Кочегара поддерживало явное большинство.
И даже знакомый Репкину помощник капитана попросил слова.
— Господа, я полагаю, — сказал он, — что мы с вами можем оказать Петербургской консерватории наше содействие!
Ему громко, дружно хлопали.
— Правильно, ваше благородие!
На митинге вынесли резолюцию, и Репкин выехал из порта на машине, груженной углем. А уголь и в порту был на вес золота.

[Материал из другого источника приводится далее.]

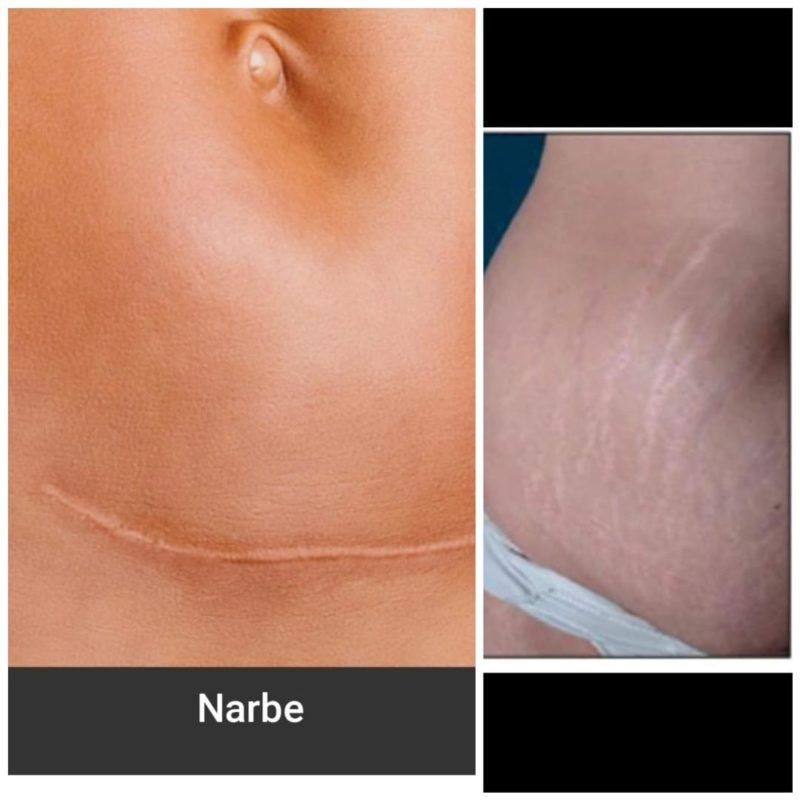 Sehr gute Ergebnisse zeigen sich auch in der Verbesserung von Aknenarben, Operations- narben und Schwangerschaftsstreifen (Dehnungsstreifen).
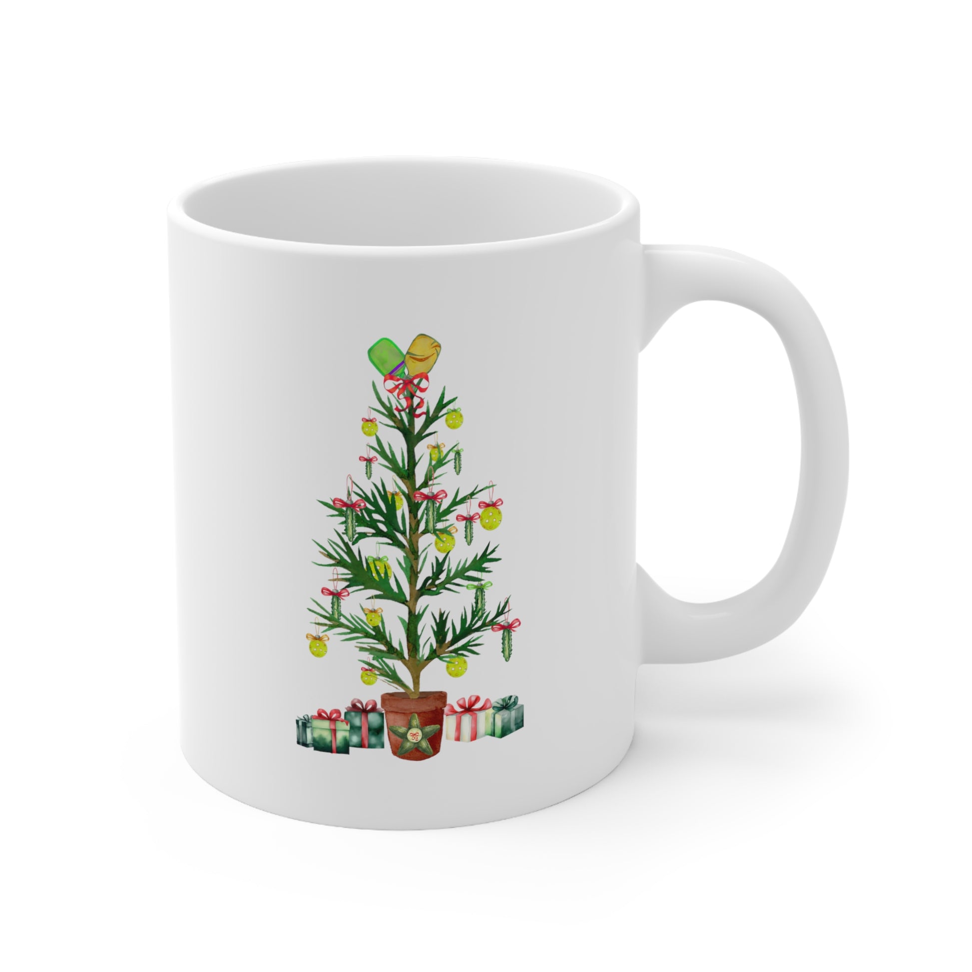 Warm your hands around this charming pickleball-themed holiday mug. This custom design features a Christmas tree adorned with paddles, pickleballs, and actual pickles on one side, and the words "Deck the Halls With Pickleballs" on the other side. This high-quality ceramic mug is sure to bring a smile to your face as you sip your favorite beverage.
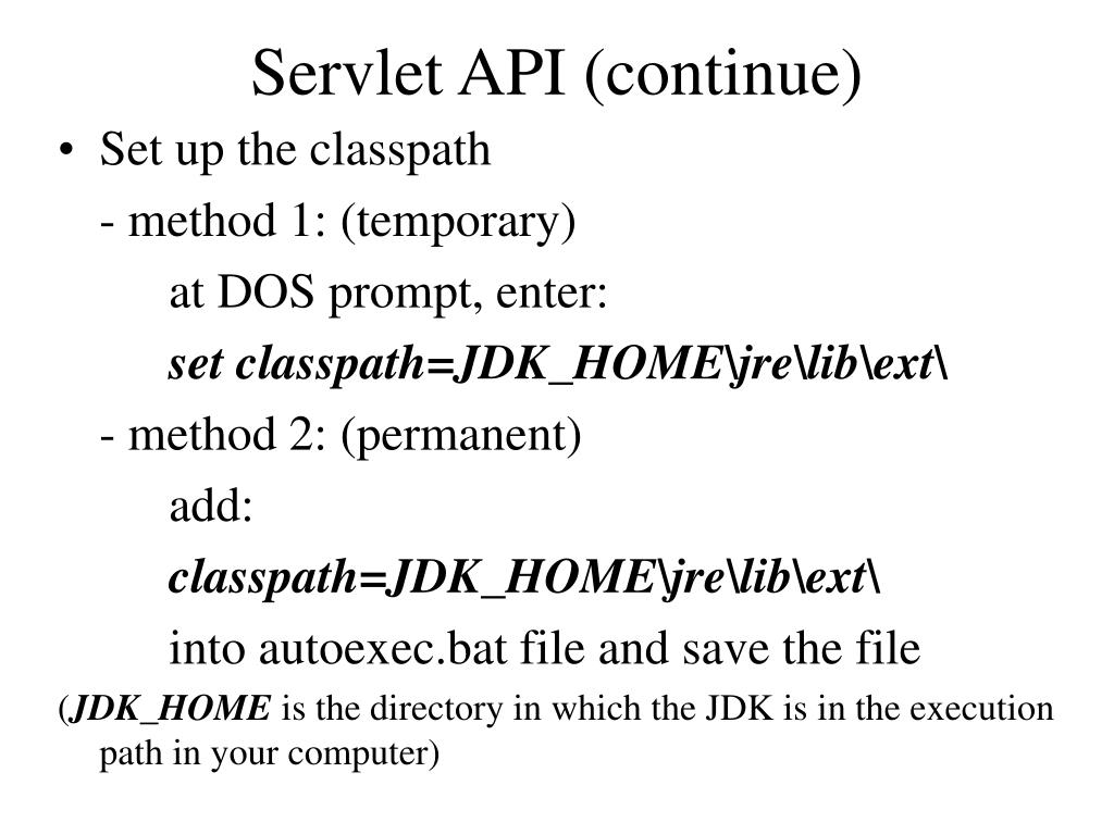 Servlet API (continue) • Set up the classpath - method 1: (temporary) at DOS prompt, enter: set classpath=JDK_HOME\jre\lib\ext\ - method 2: (permanent) add: classpath=JDK_HOME\jre\lib\ext\ into autoexec.bat file and save the file (JDK_HOME is the directory in which the JDK is in the execution path in your computer)

К вечеру в консерватории начались репетиции оркестра. Виолончель запела вступление к «Богатырской симфонии». Служители, неслышно ступая по коридорам, закрывали отдушники, не веря, что оттуда идёт тепло.
Неужели это большевики привезли уголь?
Выполнив распоряжение народного комиссара, Репкин решил, что на этом его миссия окончена.
— Разрешите отбыть?
Но Луначарский и слушать ничего не захотел:
— Вы мне необходимы, товарищ Репкин!
Уже через короткое время в Петрограде знали коренастого настойчивого матроса, который воевал за спектакли, концерты, представления в цирке.
Репкин успевал достать хлеб для артистов, обеспечить охрану музея, срочно напечатать в типографии плакаты для фронтовых поездов. Всё это было необычайно трудно, но Репкин справлялся.
— Я родился под счастливым созвездием, — говорил Луначарский. Он был доволен своим помощником.
В царском дворце
Тимошка долго оглядывал комнату в царском дворце, в которой помещалась комиссия по делам просвещения и искусств.
С восхищением дотрагивался до золочёных стульев. И вдруг увидал себя в зеркале. Сначала он отступил, а потом, подойдя совсем близко, дотронулся рукой до холодного стекла. Бледный, усталый мальчишка в плисовой кофте тоже приложил ладонь к его ладони. Тимошка наклонил голову и, тот, другой, тоже. Шея у мальчишки в зеркале тонкая, голова кудлатая, нечёсаная.